> Task item: In the entries below, find the line with "Soepele, lichte vacht" and the line with "Spacious home in". Repeat exactly everything between them, those two lines included, but not the pictures.

> Input data:

.....

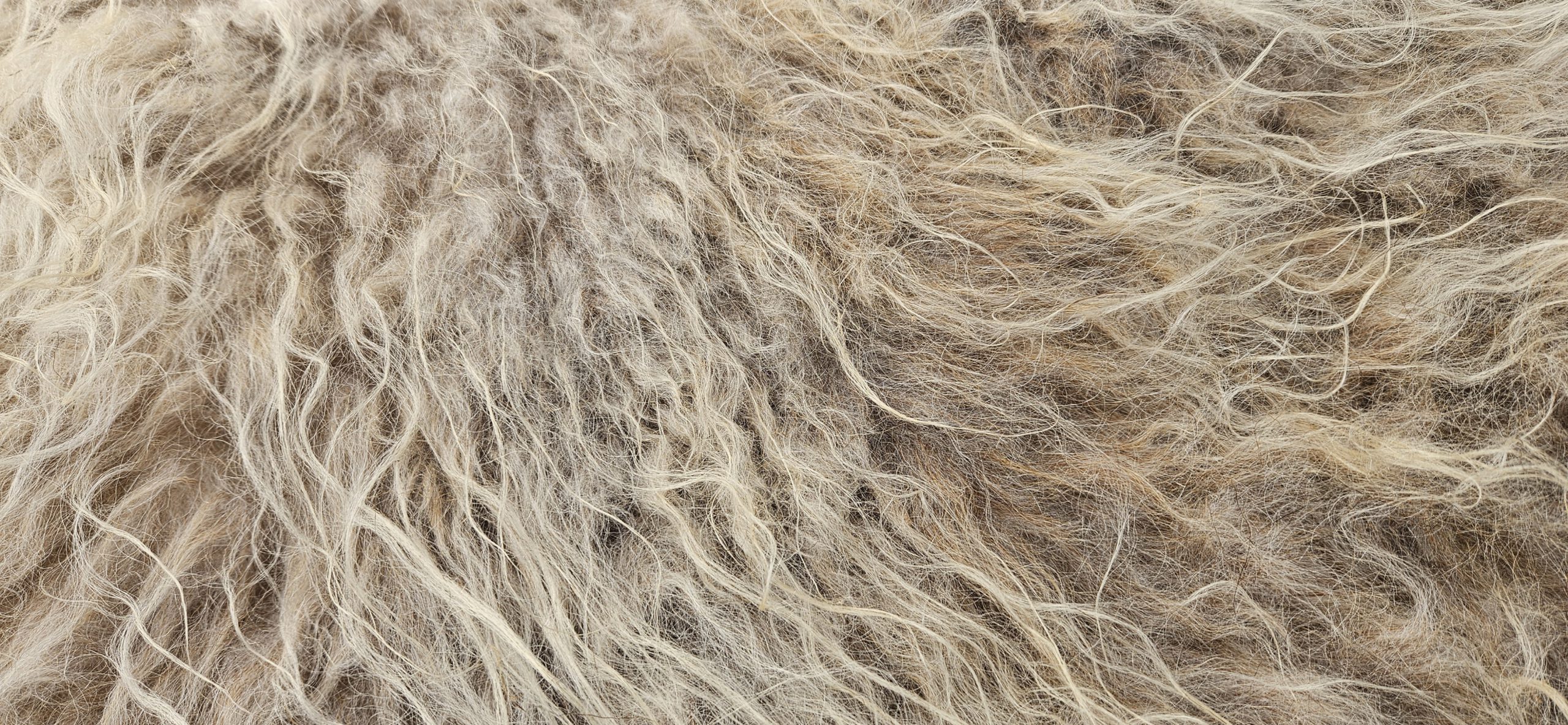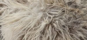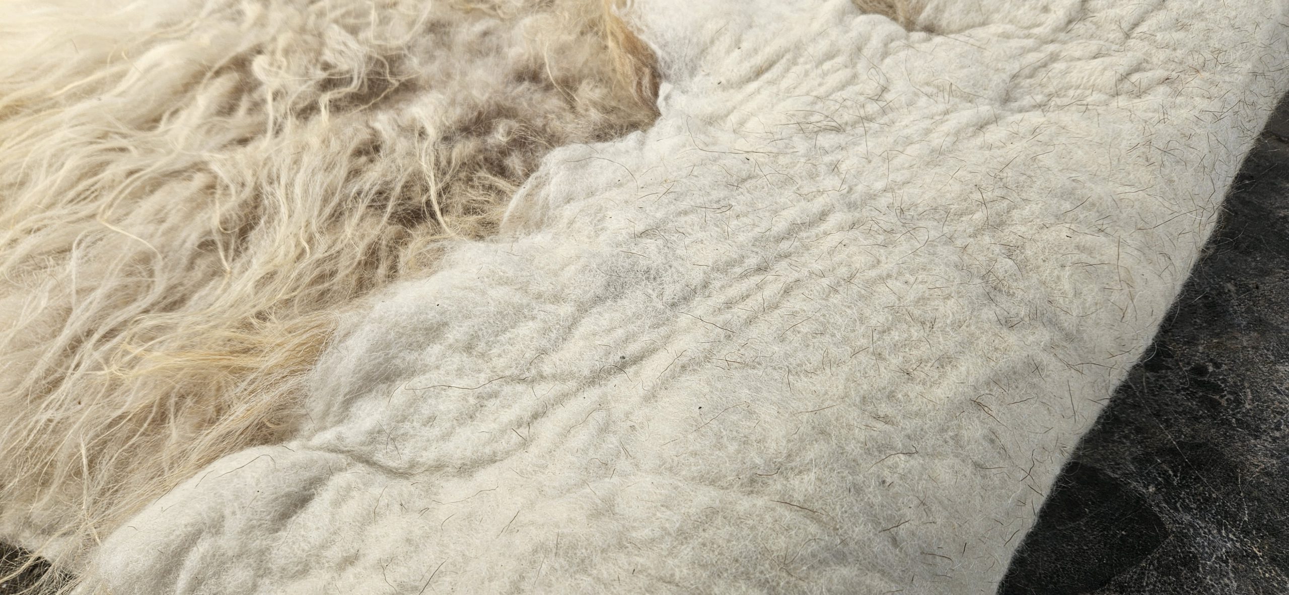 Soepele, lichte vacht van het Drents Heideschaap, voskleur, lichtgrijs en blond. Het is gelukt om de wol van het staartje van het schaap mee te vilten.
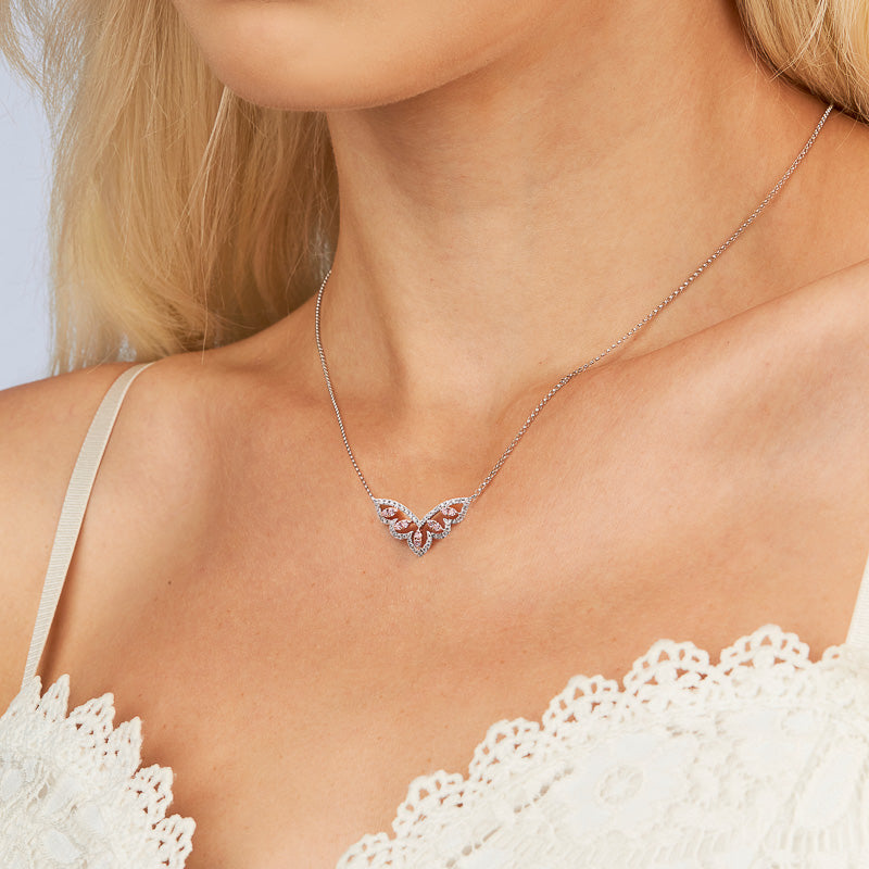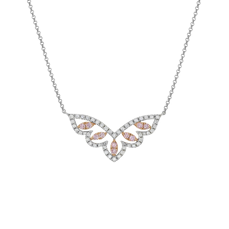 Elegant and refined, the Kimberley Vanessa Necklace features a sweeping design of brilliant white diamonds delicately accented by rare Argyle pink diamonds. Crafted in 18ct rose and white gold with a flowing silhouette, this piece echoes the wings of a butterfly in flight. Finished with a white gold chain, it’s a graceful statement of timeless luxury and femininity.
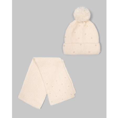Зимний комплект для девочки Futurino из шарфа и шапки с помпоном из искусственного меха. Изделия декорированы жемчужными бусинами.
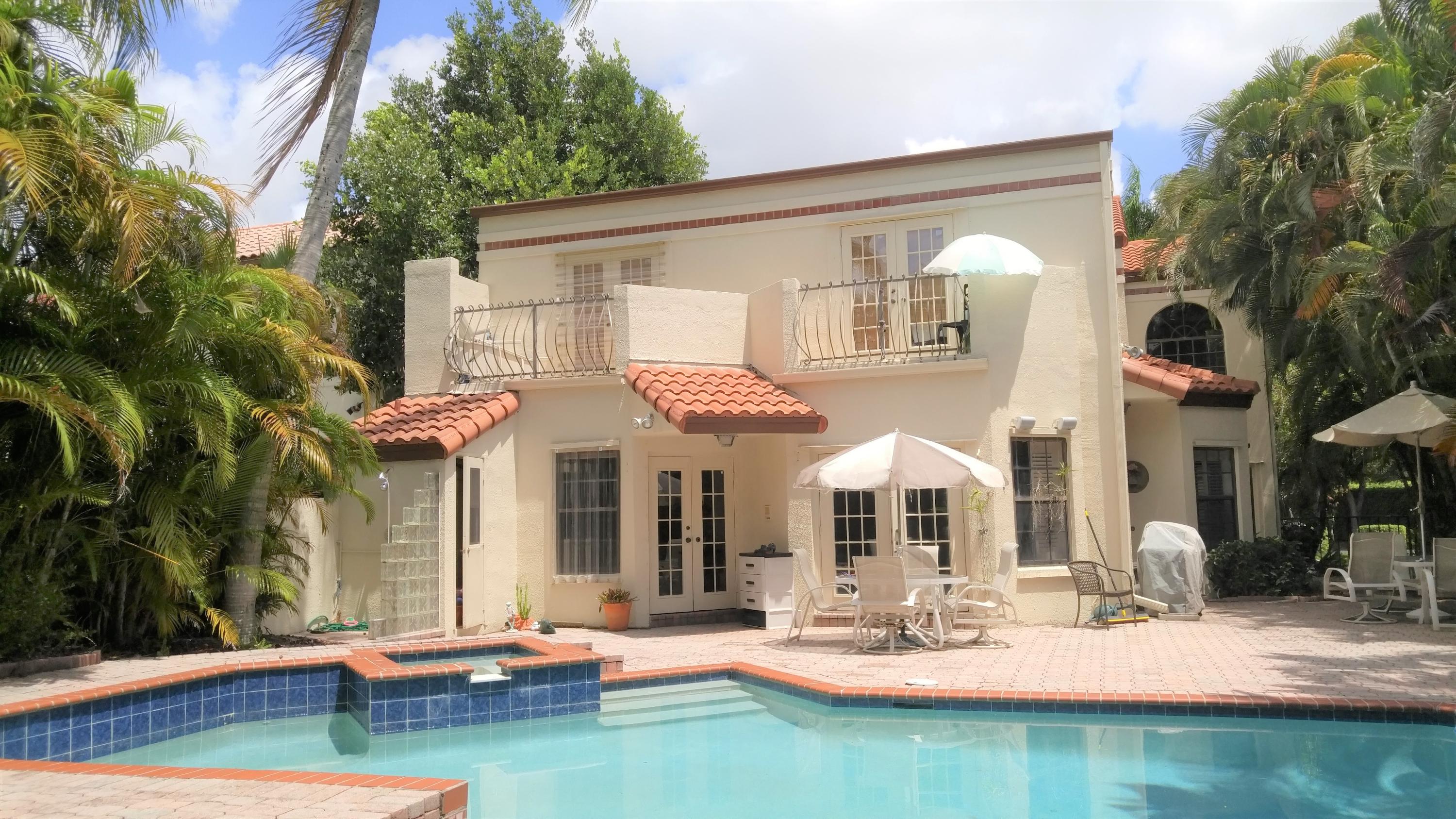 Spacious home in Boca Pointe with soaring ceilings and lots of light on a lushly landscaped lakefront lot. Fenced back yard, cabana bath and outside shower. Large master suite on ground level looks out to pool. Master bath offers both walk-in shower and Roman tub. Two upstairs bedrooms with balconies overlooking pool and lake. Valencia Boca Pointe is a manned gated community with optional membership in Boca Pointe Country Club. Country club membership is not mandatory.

.....

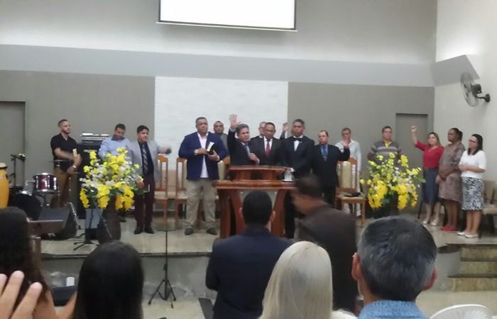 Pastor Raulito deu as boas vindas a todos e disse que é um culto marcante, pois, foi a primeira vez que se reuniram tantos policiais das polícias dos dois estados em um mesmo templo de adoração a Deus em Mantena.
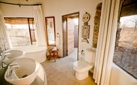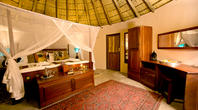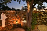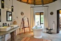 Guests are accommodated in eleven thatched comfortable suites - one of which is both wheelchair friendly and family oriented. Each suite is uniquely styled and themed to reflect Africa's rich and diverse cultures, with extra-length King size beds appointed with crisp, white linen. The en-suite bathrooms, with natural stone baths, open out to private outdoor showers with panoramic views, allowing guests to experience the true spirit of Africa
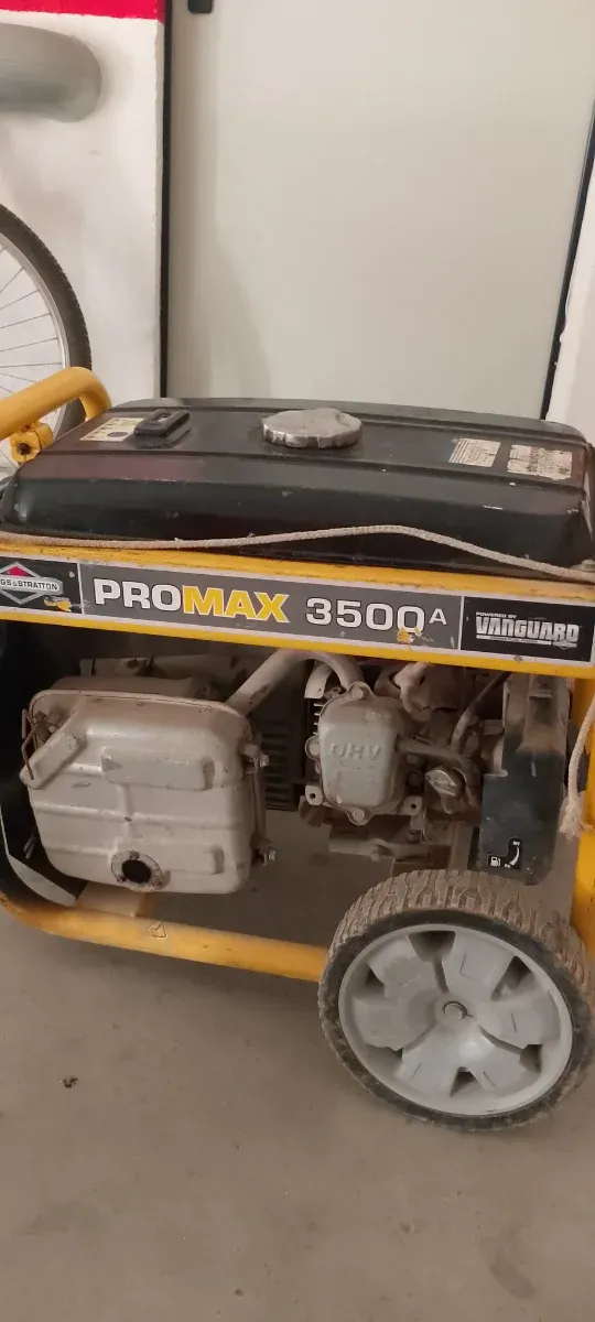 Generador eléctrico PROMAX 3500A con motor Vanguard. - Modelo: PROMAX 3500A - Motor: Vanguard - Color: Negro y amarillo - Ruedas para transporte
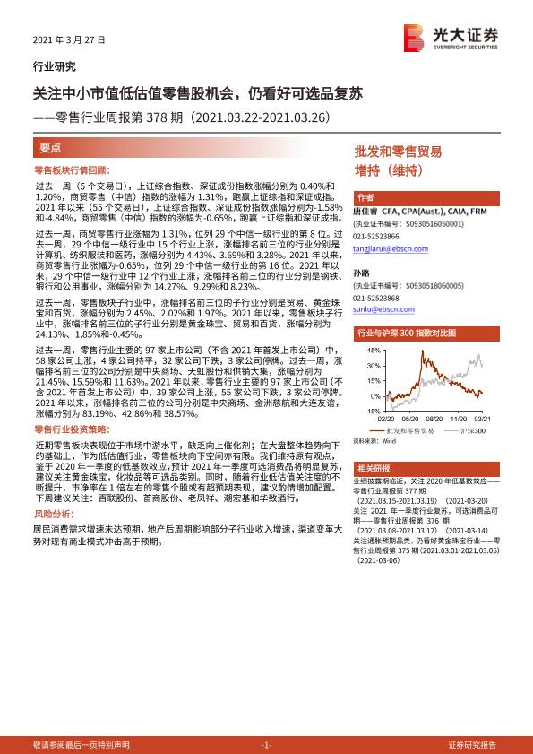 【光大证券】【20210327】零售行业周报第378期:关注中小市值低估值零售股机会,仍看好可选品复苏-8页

.....

> Written answer:
 Soepele, lichte vacht van het Drents Heideschaap, voskleur, lichtgrijs en blond. Het is gelukt om de wol van het staartje van het schaap mee te vilten.
 Elegant and refined, the Kimberley Vanessa Necklace features a sweeping design of brilliant white diamonds delicately accented by rare Argyle pink diamonds. Crafted in 18ct rose and white gold with a flowing silhouette, this piece echoes the wings of a butterfly in flight. Finished with a white gold chain, it’s a graceful statement of timeless luxury and femininity.
Зимний комплект для девочки Futurino из шарфа и шапки с помпоном из искусственного меха. Изделия декорированы жемчужными бусинами.
 Spacious home in Boca Pointe with soaring ceilings and lots of light on a lushly landscaped lakefront lot. Fenced back yard, cabana bath and outside shower. Large master suite on ground level looks out to pool. Master bath offers both walk-in shower and Roman tub. Two upstairs bedrooms with balconies overlooking pool and lake. Valencia Boca Pointe is a manned gated community with optional membership in Boca Pointe Country Club. Country club membership is not mandatory.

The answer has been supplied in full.